Home » Film & TV » Watching the Defectives #4

Watching the Defectives #4

Two detectives. Edgy buddies. A detective and a possible witness. Junior/female colleague. The detective and his ex-wife – rebellious teenage son/daughter (led astray by drug dealers from the squat or other bad influences who might become suspects), who may or may not themselves be a witness but might know/be under the influence of, the robber/murderer. The flagging middle-aged detective and the faded nurse/schoolteacher he’s taken a fancy to and is hoping to get at least dinner with if not a tit-job off.

These characters get in the car and drive to the police station. To search a house. To a house where the killer lurks but unsuspected. Where the body is lying on the floor. To the teenager’s home where his mother will express contempt/hatred/residual tired love for the detective. To a very dark place (do they ever switch on the lights?). To the hospital. To the intended’s home. To follow the suspect. To find the deserted country cottage on the beach no-one previously knew about, that was on the location manager’s same list three episodes ago. To the place they’re going to search but don’t have a warrant. To the abandoned factory. To the scene of the crime.
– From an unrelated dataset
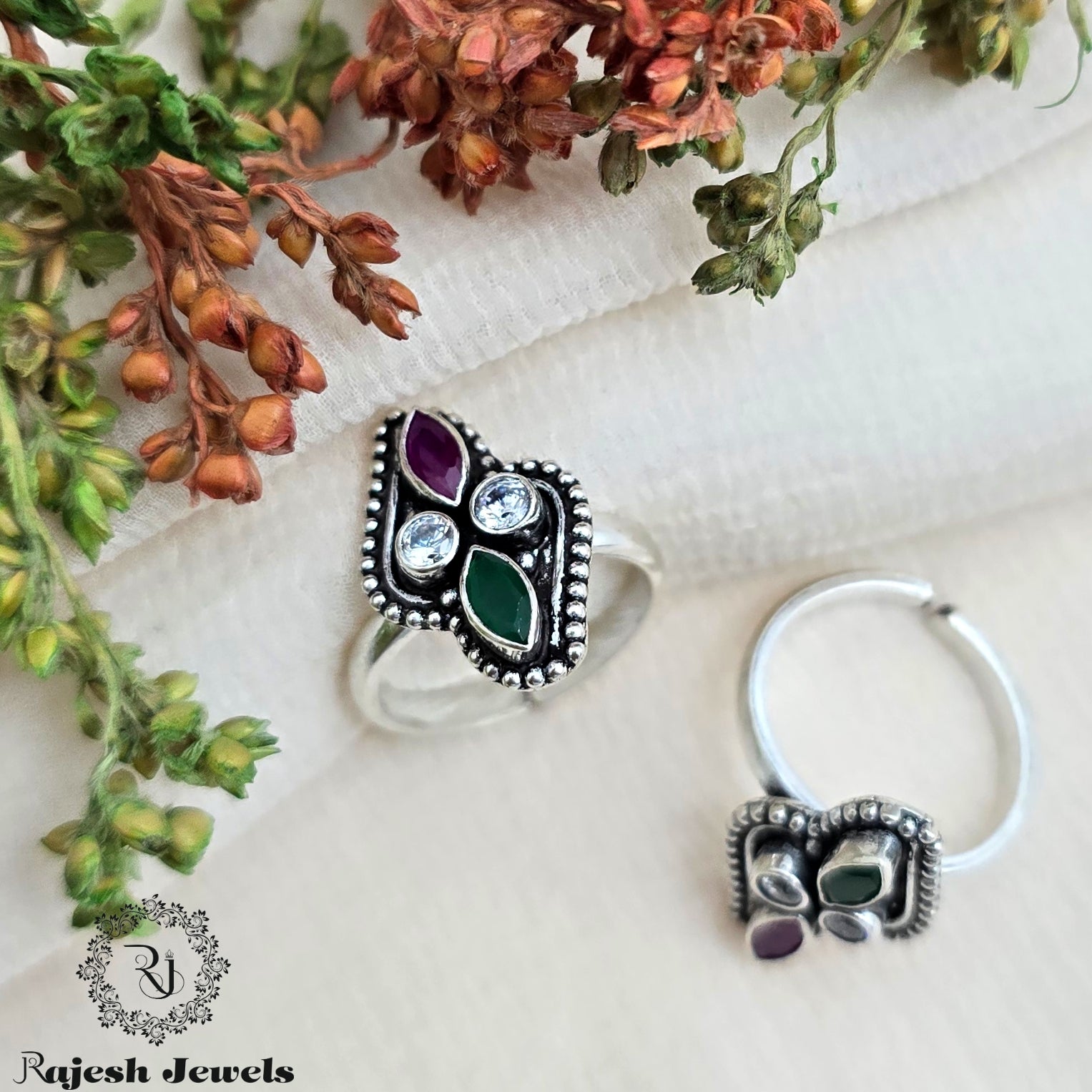 92.5 Pure Silver Oxidised Antique Finish Handmade Toerings Studded With Semi Precious Stones

They arrive at their destination and stop the car. Switch off the engine.

And at that point, they start to have a relevant conversation about the murder. The accident. Their lives. Their knowledge of the victim, the murderer, the murderer’s relatives, wives, colleagues and friends, the crime scene, the time of the murder, their significant past, the building, the likelihood of success/being killed, their mission…. Calling for back-up (‘No time! I’m going in! Cover me!’)

And meantime anyone else who might be an important source of information but who wouldn’t tell anyone what the problem was, or who has previously been fingered as a suspect, or whose character the audience has been wilfully lied-to about by the writers, is probably being slaughtered in the cutaways.

The question I have is simply this:

If they didn’t have a plan, hadn’t exchanged important information, didn’t know what was going on, who they were dealing with, called for back-up, counted the shots left in the ammo clip, then what the fuck have they been talking about all the time they’ve been driving in the car?